----- GIVEN MATERIAL

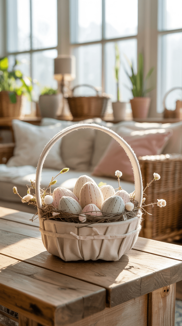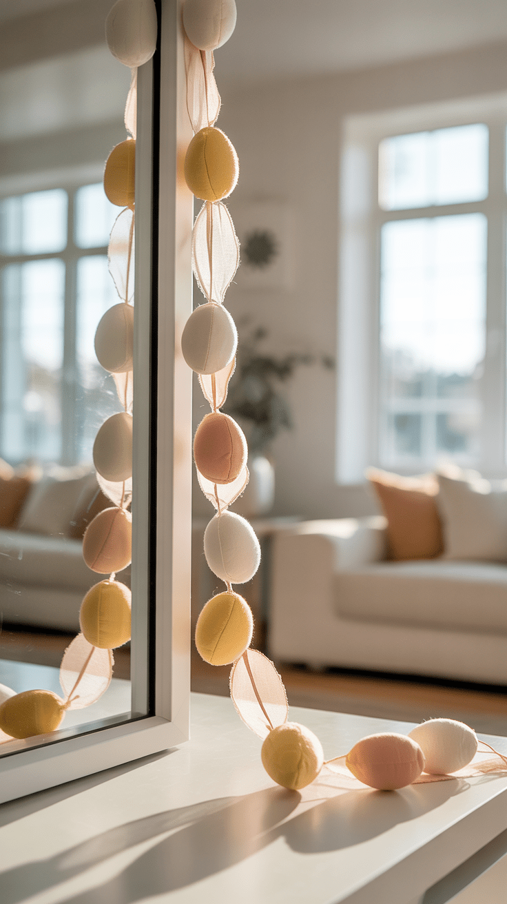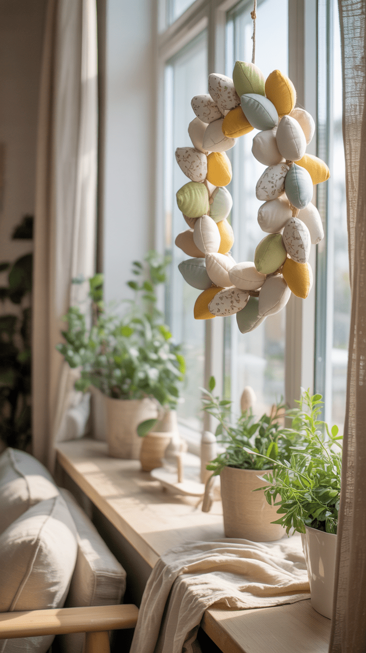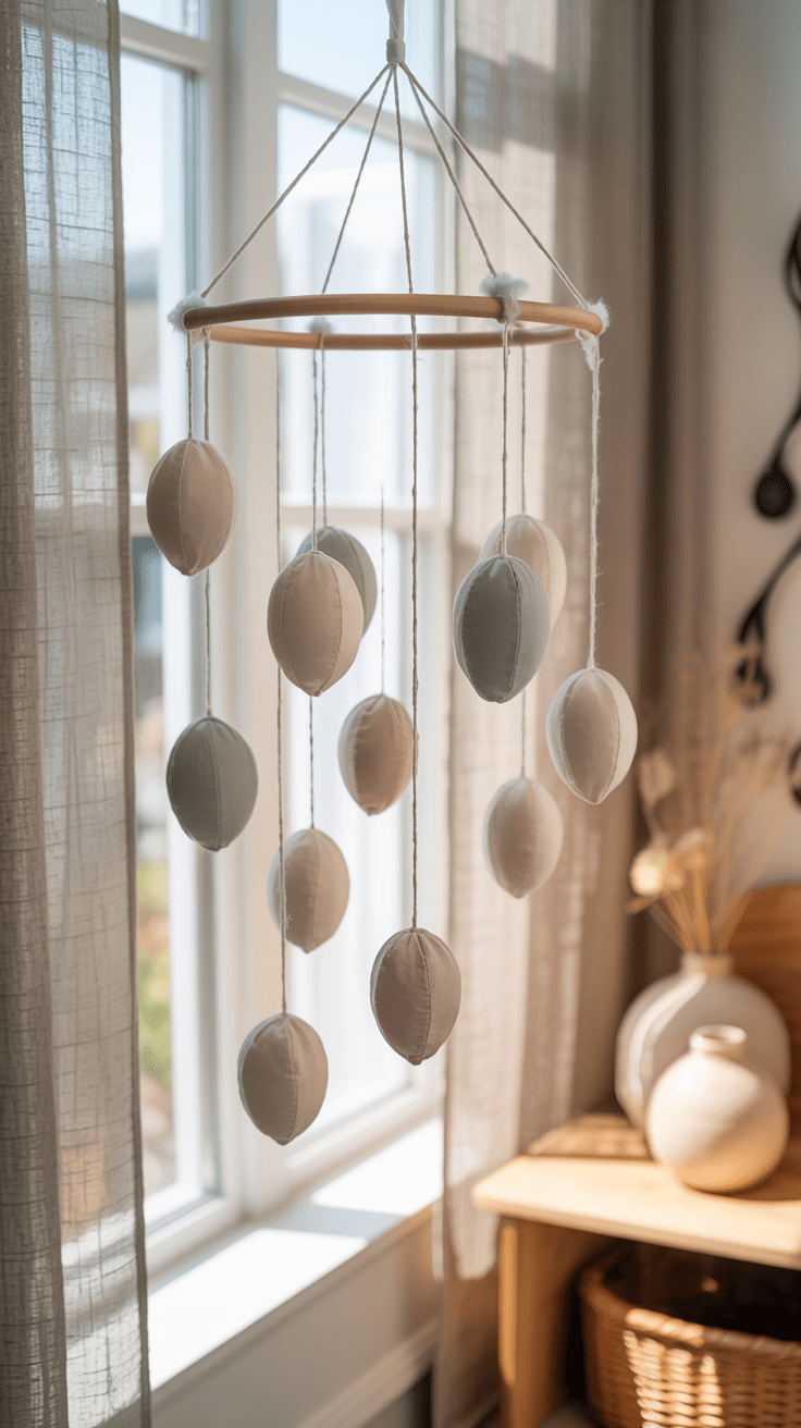 Ein Mobile aus verschiedenen Stoffeiern schwebt leicht über deinem Esstisch oder Fensterbank. Du nähst unterschiedlich große Eier und befestigst sie an variierenden Längen an einem Holzring. So entsteht ein zarter Tanz im Raum.
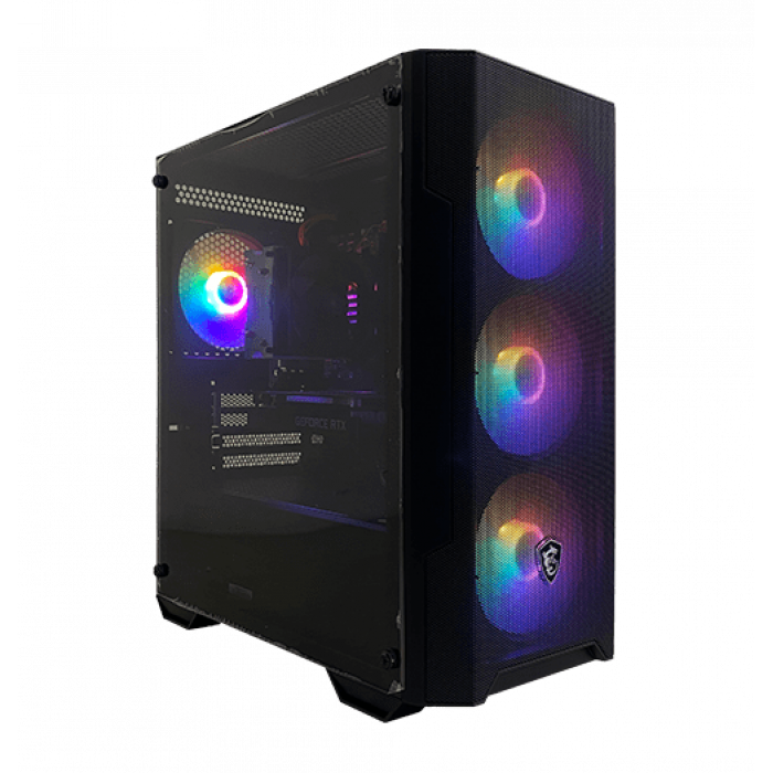 Питание обеспечивает PCCooler HW500 500W, а корпус MSI MAG FORGE M100A с четырьмя RGB-вентиляторами сочетает стиль, компактность и эффективное охлаждение.
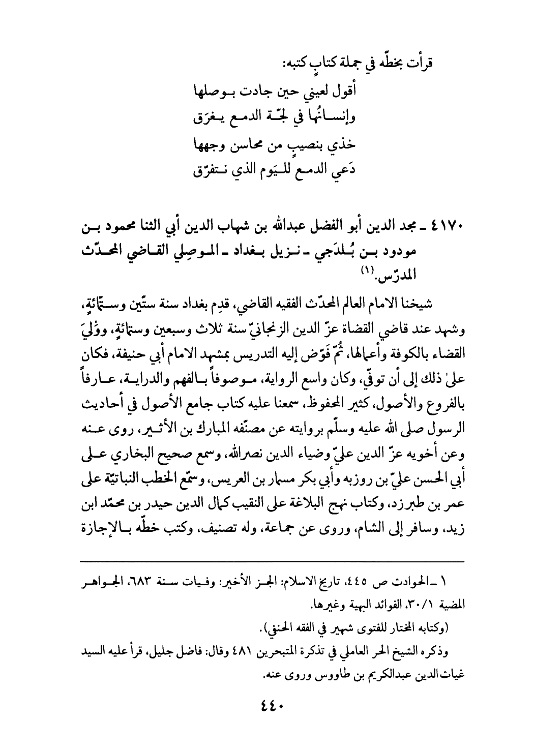 (¬1) الحوادث ص 445، تاريخ الاسلام: الجز الأخير: وفيات سنة 683، الجواهر المضية 30/ 1، الفوائد البهية وغيرها. (وكتابه المختار للفتوى شهير في الفقه الحنفي). وذكره الشيخ الحر العاملي في تذكرة المتبحرين 481 وقال: فاضل جليل، قرأ عليه السيد غياث الدين عبد الكريم بن طاوس وروى عنه.
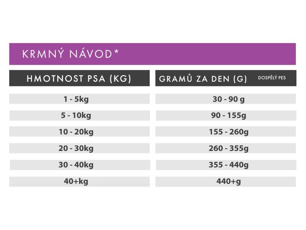 - ANALYTICKÉ SLOŽKY: Hrubý protein.................26,5%Hrubý tuk. . . . . . . . . . . . . . . . . . . . . . 11 %Hrubá vláknina................5%Hrubý popel...................9,5%Vlhkost..........................8%NFE (bezdusíkatý extrakt)....40%Metabolizovatelná energie ME.. 339 kcal/100gOmega 6 mastné kyseliny....1,8%Omega 3 mastné kyseliny....1,7%Vápník...........................1,7%Fosfor............................1,5%

----------

#### [ASSIGNMENT]
The data above are to be repeated word for word, with any pictures left out.

#### [FINISHED TASK]
 Ein Mobile aus verschiedenen Stoffeiern schwebt leicht über deinem Esstisch oder Fensterbank. Du nähst unterschiedlich große Eier und befestigst sie an variierenden Längen an einem Holzring. So entsteht ein zarter Tanz im Raum.
 Питание обеспечивает PCCooler HW500 500W, а корпус MSI MAG FORGE M100A с четырьмя RGB-вентиляторами сочетает стиль, компактность и эффективное охлаждение.
 (¬1) الحوادث ص 445، تاريخ الاسلام: الجز الأخير: وفيات سنة 683، الجواهر المضية 30/ 1، الفوائد البهية وغيرها. (وكتابه المختار للفتوى شهير في الفقه الحنفي). وذكره الشيخ الحر العاملي في تذكرة المتبحرين 481 وقال: فاضل جليل، قرأ عليه السيد غياث الدين عبد الكريم بن طاوس وروى عنه.
 - ANALYTICKÉ SLOŽKY: Hrubý protein.................26,5%Hrubý tuk. . . . . . . . . . . . . . . . . . . . . . 11 %Hrubá vláknina................5%Hrubý popel...................9,5%Vlhkost..........................8%NFE (bezdusíkatý extrakt)....40%Metabolizovatelná energie ME.. 339 kcal/100gOmega 6 mastné kyseliny....1,8%Omega 3 mastné kyseliny....1,7%Vápník...........................1,7%Fosfor............................1,5%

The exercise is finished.